Pity No One or Pity Everyone

Pity is better than insult, but it still isn’t a positive reaction.
We often pity people who we think are below us. We use pity to establish a positive self image, when in reality, we feel superior to the other, and that feeling of superiority is not a positive trait. When someone is not able to take care of their health, due to negligence, lack of exercise, it’s easy to say you feel bad for them. “Poor guy, can’t take care of his health.” Or when someone hold a grudge against another, an obviously negative and counterproductive thing to do, we say “I feel bad for this person’s inability to end a fight.”
I cannot even count the number of times such expressions of pity have entered my mind. Because I have an easy time controlling my diet and spending my time wisely, I see myself as “above” the ones who cannot do that. There are many people who cannot do what I can do easily, but it doesn’t make me better. When we blame poor people for their circumstances, when we pity their inability to get out of their situations, we aren’t helping anyone. There are times when I sometimes eat too much. There are many times when I procrastinate. To be human is to indulge in pleasures, sometimes uncontrollably. Sometimes these indulgences lead to self-destruction. That’s what they are meant to do. That I can rise above my desires at times, does not erase all the times I have succumbed to them. For some reason, when comparing ourselves to those we see inferior, we forget all the times we have behaved in similar ways. It is so easy to judge other people, and then to pity them. Doing so creates status differences. It creates the distinctions between people who are productive and those who are not. By denying our own shortcomings, by pitying, we are just adding divisions to an already-divided world.

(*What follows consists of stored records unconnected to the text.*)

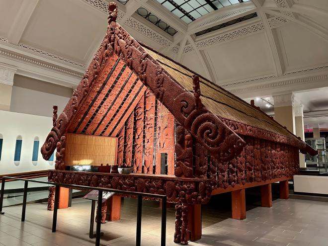 This is a highly-decorated wharenui, or meeting house. It is one of several Māori buildings in the museum.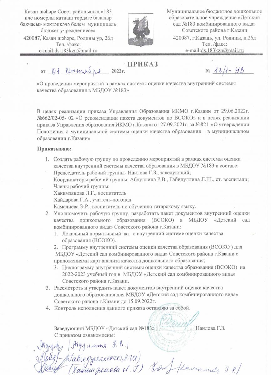 Приказ о проведении мероприятий в рамках ВСОКО в МБДОУ "Детский сад № 183"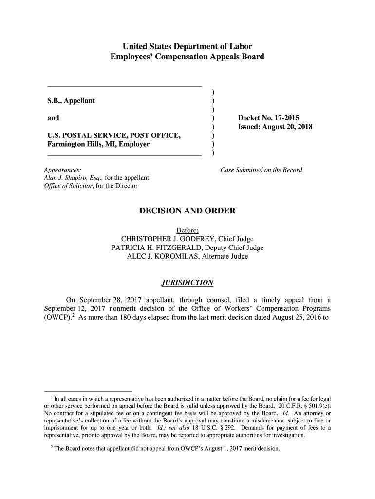 United States Department of Labor Employees Compensation Appeals Board S.B., Appellant and U.S. POSTAL SERVICE, POST OFFICE, Farmington Hills, MI, Employer))))))))Appearances: Alan J. Shapiro, Esq.,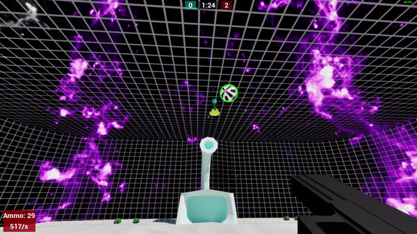 For the default game mode, you are given 9 bullets for your pistol. You can shoot either 1 or 3 bullets at a time depending on what you need. Your gun only reloads while on the ground but aerial movement will let you hit the ball before your opponents. This can allow more skilled players to have an advantage over new players.The Field: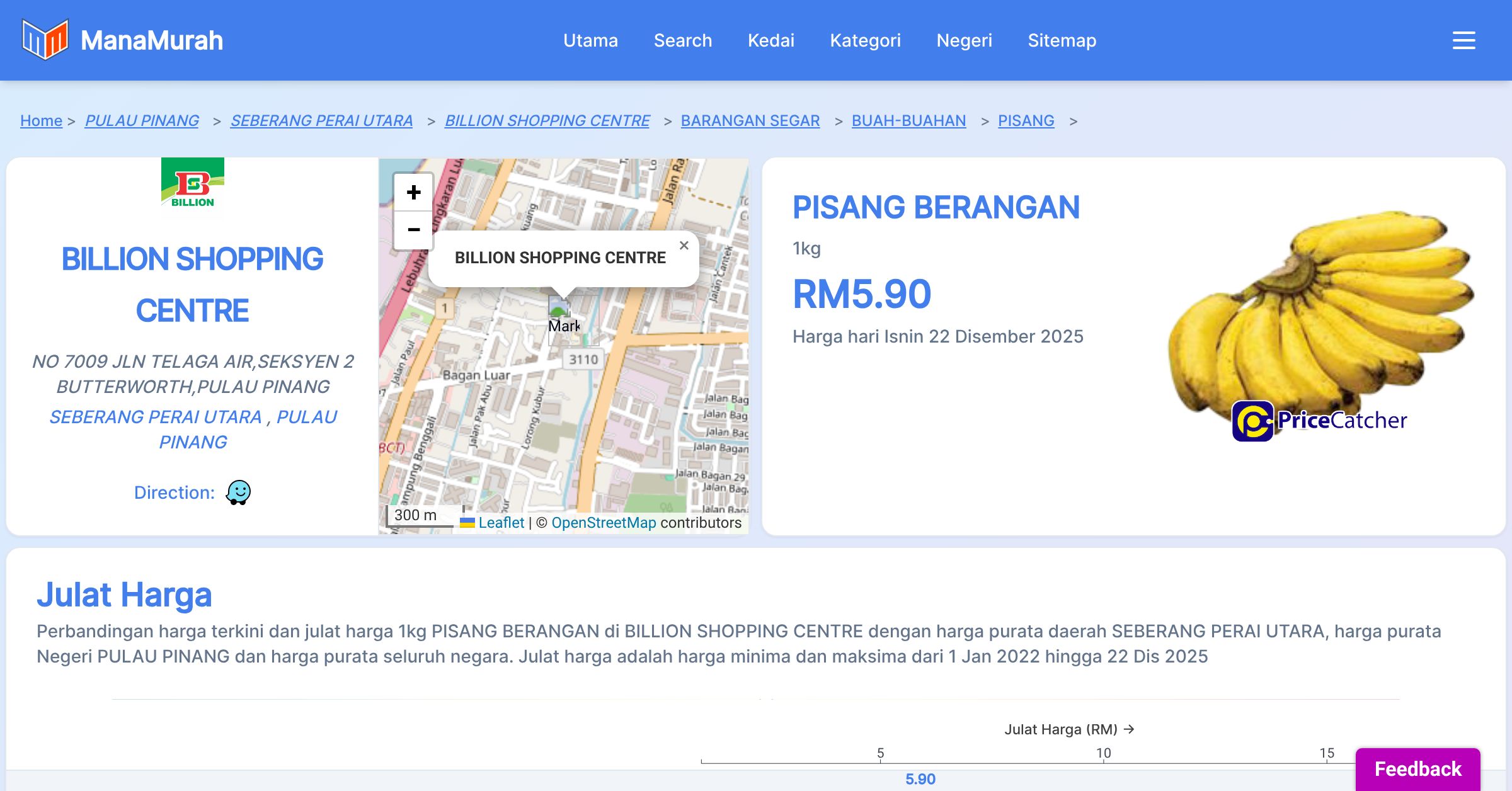 Perbandingan harga terkini dan julat harga 1kg PISANG BERANGAN di BILLION SHOPPING CENTRE dengan harga purata daerah SEBERANG PERAI UTARA, harga purata Negeri PULAU PINANG dan harga purata seluruh negara. Julat harga adalah harga minima dan maksima dari 1 Jan 2022 hingga 22 Dis 2025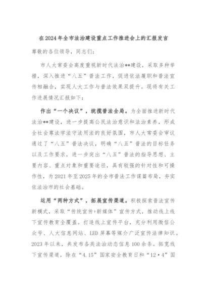 【七哥公文】2024年:在2024年全市法治建设重点工作推进会上的汇报发言+更多免费公文+VX:QiGeGongWen2024

I think that a world without pity is a world with compassion and empathy. Because if you don’t pity the man who eats too much food, you say, “I know what it feels to over-indulge at a buffet.” And when someone holds a grudge, you say, “I can be like that too.” In a way, we will all start being self-critical every time we see someone we would previously be critical of.

We are all just human beings, and our habits are strikingly similar. So it’d be more accurate to pity everyone for being human or pity no one for being human. (I say pity no one, because being human is great!)